Written by Elaine Ellis Thomas, Rector of All Saints Episcopal Parish, Hoboken, NJ

palms, ashes, cross, title--lentdevo theme image

My conversion did not come easy. God had to work hard to entice me, and music was God’s weapon of choice. 

“Here, little girl, sing this solo on Christmas Eve.”

“Here, young teenager, a beautiful organ for you to learn to play.”

“Here, young mother looking for fulfillment, the organist is retiring, and they know you play.”

And before I knew it, I had seven choirs and a flourishing ministry, and that’s when God said, “Over here. This is the chair you need to sit in, not on that organ bench.” 

And that, my friends, is the abridged story of my call to ordained ministry.

Somewhere during that long process, probably when, as a young teenager, I sang in the adult choir where the person closest to me in age had at least four decades on me, I first sang Herbert Howells. It might have been the Gloucester Service for Evensong (for the non-Anglicans among us, that includes the Magnificat and Nunc Dimittis).
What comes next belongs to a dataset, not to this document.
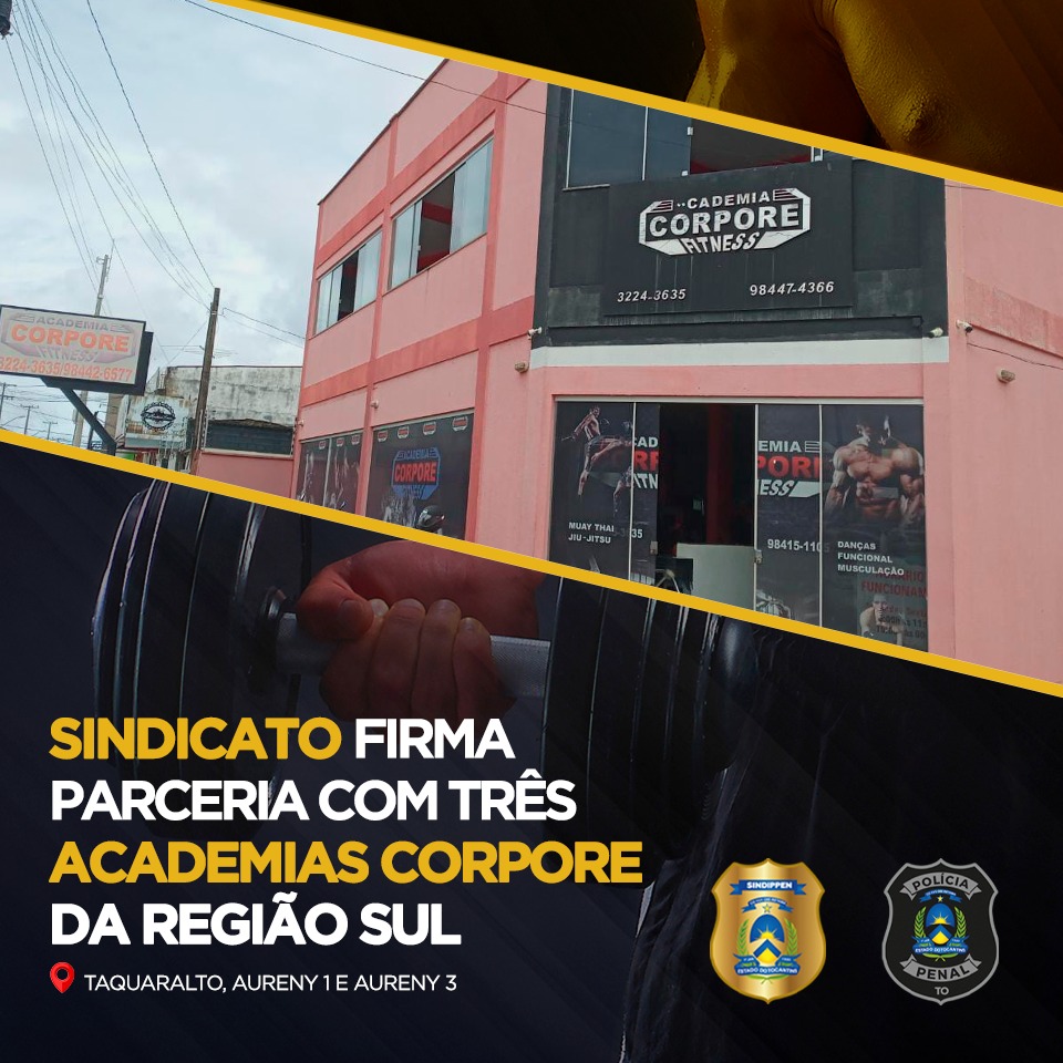 SINDICATO fecha parceria com as academias da rede CORPORE, localizadas em Taquaralto, próximo a lojas americanas, no Jardim Aureny I, próximo à feira coberta e a outra na avenida principal do Aureny 3 e em Miracema. Os policiais penais e seus dependentes poderão treinar, pagando apenas R$ 70,00 reais a mensalidade e terão acesso a qualquer numa das academias da rede. Além disso, é obrigatório a apresentação da funcional no ato da matrícula.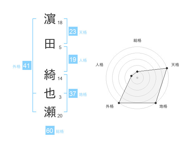 濵田 綺也瀬さんを姓名の画数から五運を鑑定

But no Howells piece so wrenched my young soul than Like as the Hart, a setting of Psalm 42 composed in the early years of World War II when England’s survival was not a sure thing. 

The sopranos sing “My tears have been my meat day and night” (the music builds) “while they daily say unto me” (loud d-minor chord) “where is now thy God?”

And when those words repeat, there is the sound of defeat. “My tears have been my meat day and night…” (trailing off).

As a teenager, that just felt like the angst of trying to figure out who I was in a body I didn’t recognize around people who seemed to expect me to be an adult.

But for Jesus, the cry of “Where now is thy God” was part of the anguish to which he willingly subjected himself as the death of his very human body drew near.

Jesus in the garden says, “I am deeply grieved, even to death; remain here, and keep awake” (Mark 14:34).

Where now is thy God, Jesus?

We have heard the cries of the sorrowful hundreds of thousands of times over the past two years. People dying in isolation from those they love, last rites offered on FaceTime, final words of goodbye from a cell phone held up to an as-yet still listening ear.

Where now is thy God?

The Church, for ages quite content to proclaim her longing, “Like as the hart desireth the waterbrooks, so longeth my soul after thee, O God” (Psalm 42:1) has been confronted with the cries of abandonment that weave their way through this psalm

Why are you so full of heaviness, O my soul?

I will say to the God of my strength, “Why have you forgotten me?”

Where now is thy God?

Two years of pandemic have confronted us, as individuals and as churches, with our mortality. The longing of our hearts, the thirst for God’s living waters, are the confession that we are nothing without God’s presence, that our thirst will never be quenched until our trust is solely in God “who is the help of my countenance and my God.”

Jesus knew this. Even in his deep grief, begging that the cup might be taken from him, he knew that the cup that he drank would become the cup of our salvation. Wherever God was in that moment, Jesus still prayed. Still called “Abba.” Still understood that God’s will must be done.

God’s will be done, on earth as in heaven, where no cries of “where now is thy God” are heard ever again, because we all dwell in the knowledge and love of God. We all go with the multitude to God’s house, with voices of praise and thanksgiving.

Just as the psalms point to fulfillment of God’s promises to us, so Howells ends Like as the Hart, with a soft, tender E-major resolution to the question, “When shall I come to appear before the presence of God?” There is, even in the questioning, an assurance that we will yet come into God’s presence, that our longing will cease, and our thirst will be quenched with streams of living water.